Accuracy issues in object detection models using Jetson AGX Orin

We are seeking assistance with running YOLO v8 models on the AGX Orin 64GB development board, particularly concerning the utilization of two distinct engine file formats: Ultralytics’ .engine file format and DeepStream’s .engine file format.

For the conversion process to Ultralytics’ .engine file format, the following command is used:

yolo export model='./yolov8n.pt' format='engine' device=0

Conversely, the DeepStream .engine file format conversion is performed through the following command sequence:

export PATH=$PATH:/usr/src/tensorrt/bin
trtexec --onnx=./yolov8n.onnx --workspace=10000 --minShapes=input:1x3x640x640 --optShapes=input:16x3x640x640 --maxShapes=input:32x3x640x640 --buildOnly --saveEngine=yolov8n.engine

While exploring these formats, we encountered significant differences in accuracy between the two.
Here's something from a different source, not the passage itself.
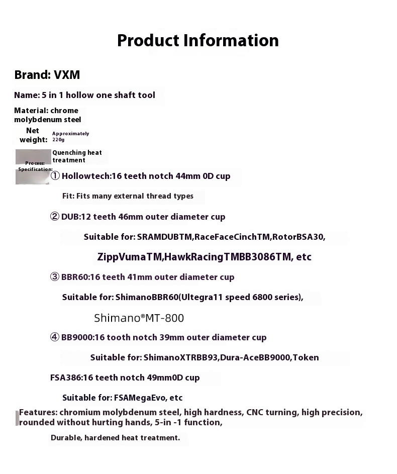 VXM Bicycle BB Integrated Bottom Bracket Removal Tool 44MM R60 BB-9100 DUB 16T FSA 386 Socket
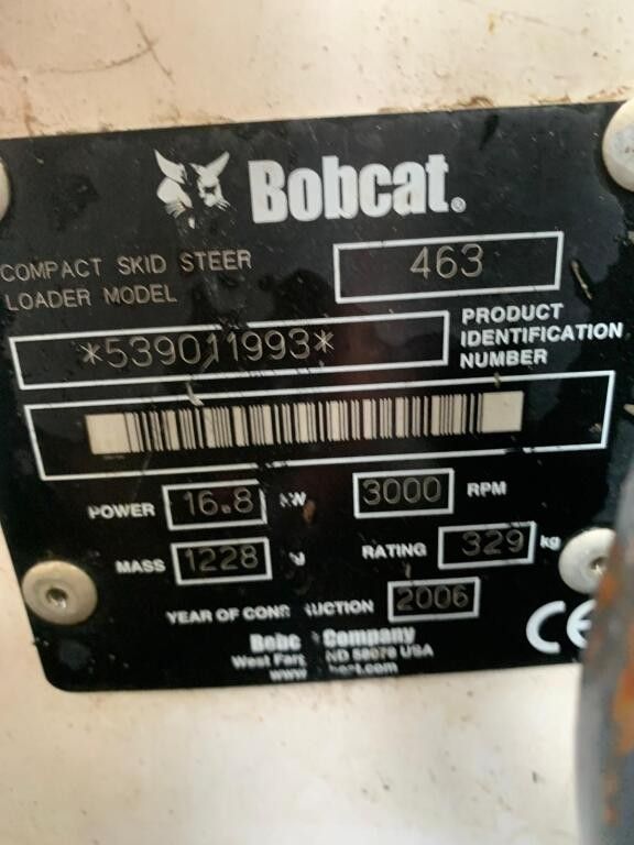 BOBCAT MINI LOADER Type 463, 2159 hours, year 2006, sold by …

Notably, the .engine files generated by DeepStream demonstrate a detection rate lacking almost 30% of detections, whereas the Ultralytics’ conversion consistently achieves a 99% detection rate across architectures (FP16, FP32, INT8).

Furthermore, our observations extend to classification tasks, where the DeepStream engine files display abnormal behavior, consistently presenting one class as the output for all classification cases. In contrast, Ultralytics’ conversion proves to be highly accurate in this context as well.

Considering these discrepancies, we suspect potential configuration errors during conversion or inference processes. To facilitate further investigation and assistance, attached herewith are the configuration files for the respective models.

Your expertise and guidance in rectifying these issues would be greatly appreciated. Thank you for your assistance and support in this matter.

Archive 3.zip (267.2 KB)

1 Like

How did you compare the detection rate of the two model engines? Can you provide the commands and results? Where and how did you get the ONNX model? Why did you think the “yolov8n.pt” and the “yolov8n.onnx” are just the same model?
What you have provided is only DeepStream configurations.

  1. How did you compare the detection rate of the two model engines?
    We conducted a comparative analysis on detection bounding box results from the video outputs of both model engines. Subsequently, we evaluated and compared the differences observed in detections across the same video.

  2. Can you provide the commands and results?
    command to infer using ultralytics:
    yolo predict detect model=‘./yolov8n.engine’ source=‘video.mp4’

For deepstream:
We used deepstream-app command to infer over the same video.mp4

  1. Where and how did you get the ONNX model?
    For ultralytics:
    We directly used the export command as mentioned earlier
    yolo export model=‘./yolov8n.pt’ format=‘engine’ device=0
    which internally uses same torch.onnx.export internally to convert first to onnx and then to engine

  2. What you have provided is only DeepStream configurations
    The configuration files shared serve as a reference. These configurations were instrumental in facilitating the inference process using the specified models.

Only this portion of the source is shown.